18 thoughts on “Wishcasting Wednesday

  1. Joy

    Oooh…I *love* your wish…yes! to breaking all of the rules that you feel limit and constrict, and to celebrating as you do so! As you wish for yourself so I too wish for you as well!

    I understand how you use the rules in your life–I used to be the same.., then I was diagnosed with cancer and told I would die…when I lived, I decided the rules no longer applied (a lifetime of should’s and have-to’s and lots of discipline if I didn’t, flew right out the window)…..

    Reply
  2. Barb Markway

    I love that photo. And I eat lunch really early, too, and am hungry again by 2…so I don’t think you’re crazy. Small, frequent meals are supposed to be better for you, right? (Oh, but that’s not a hard and fast rule.) Plus, I saw my therapist today, too. I forget how good it feels to be heard and validated. Definitely Magic.

    Reply
  3. twnkrissie@mail.com

    your comment about food really struck a chord and is something Ive ben dealing for ages now. I have brekky at 8am and am STARVING by about 11am so I have elevenses – a cup of tea and a biscuit. so then I feel guilty as an hour later my tummy is signaling the need for lunch. Same at 4pm and again by 6pm starving hungry for supper….when I do give in and snack I hate myself, but cant live with these hunger pains either.
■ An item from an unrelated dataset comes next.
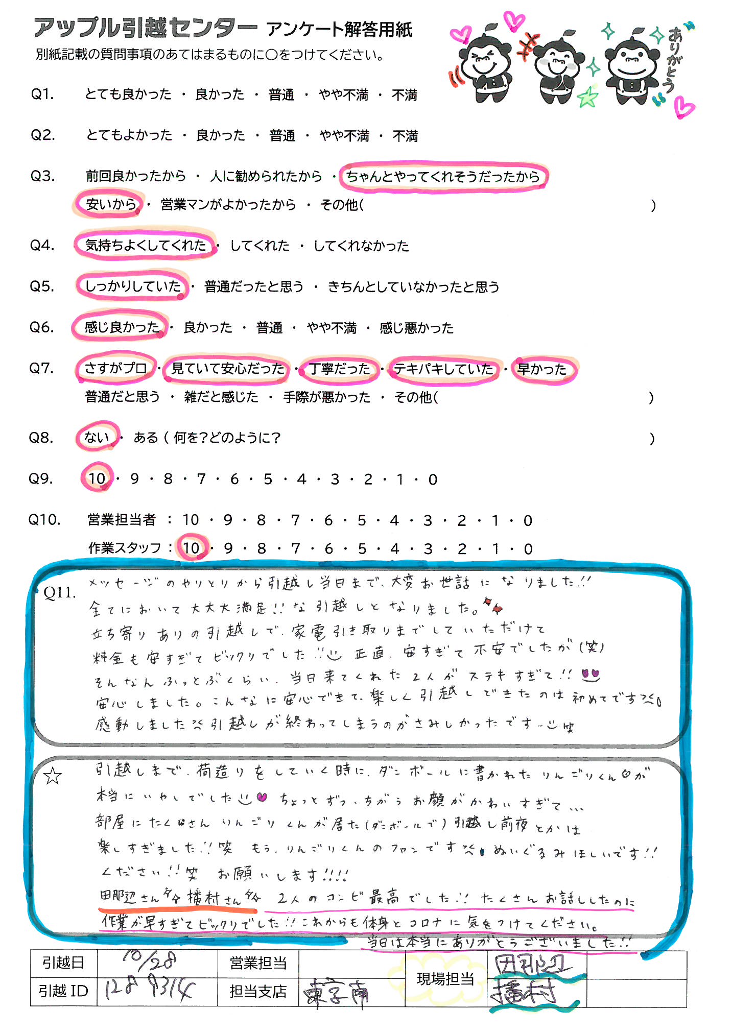A.引越しまで荷造りをしていく時に、ダンボールに書かれたりんごりくんが本当にいやしでした ちょっとずつちがうお顔がかわいすぎて… 部屋にたくさんりんごり君が居た(ダンボールで)引越し前夜とかは楽しすぎました!!笑 もう、りんごりくんのファンです ぬいぐるみほしいです!! ください!!笑 お願いします!!!! 田那辺さん播村さん 2人のコンビ最高でた!!たくさんお話ししたのに作業が早すぎてビックリでした!!これからも体身とコロナに気をつけてください。当日は本当にありがとうございました

I do try healthy snacks ie fruit, but they have a very limited time at keeping hunger at bay!!! feeling stuck with this! What would your therapist suggest do you think?

    Reply
    1. jillsalahub Post author

      I know what she suggests for me, because we talk about it quite often: I need to eat when I am hungry, and rather than a tiny snack, I need to make sure my body is getting the nourishment it needs — which often times might mean something more substantial. When I eat lunch at 10:30 am, she reminded me yesterday, I have to remember that I get up at 4:30 am and only eat something light, maybe another something light around 8 am, so of course I would be hungry for lunch by 10:30 am and then hungry again by 2 pm! For me it’s about learning when to eat, how to know hunger and give my body the nourishment it needs, which after years of disordered eating, restricting and then binging, is complicated. ♥

      Reply
  4. Alane

    there are no “shoulds” it’s hard lesson to learn but as you catch yourself saying the word, you’ll realize there’s another “way”. also YOU ARE NOT a crazy person for wanting lunch at 10:30– don’t you get up at 430am! 🙂 even if you don’t, so what, eat when you want & what you want! 🙂 great post xo

    Reply
  5. Sue Fox

    I spent 20 years of my life in a religion that imposed rigid rules! I am really careful these days about any should or shouldn’t words, I try not to use them at all…

    Even in this climate of healthy nutrition there seems to be so many sh…words, one year we should not eat this the next we should… I am currently listening to my own body, a marvelous intricate mechanism, able to overcome all manner of ailments, I believe the body communicates it’s need to us.

    I love how this dialogue has been opened through wish casting Wed…x

    Reply
    1. jillsalahub Post author

      I know what you mean, Sue! I try to research what is healthy and just end up confused, so my new strategy is to trust myself, to listen to my body, and stop letting other people tell me how to eat — and no more rules! 🙂

      Reply
  6. Kimberley McGill

    Yep. I call my rules boa constrictors sometimes because boy do they leave little room for breathing! This week I hit a spot with my creative work and had to uncoil them from around my ribcage.

    Breaking ALL the rules sounds delicious!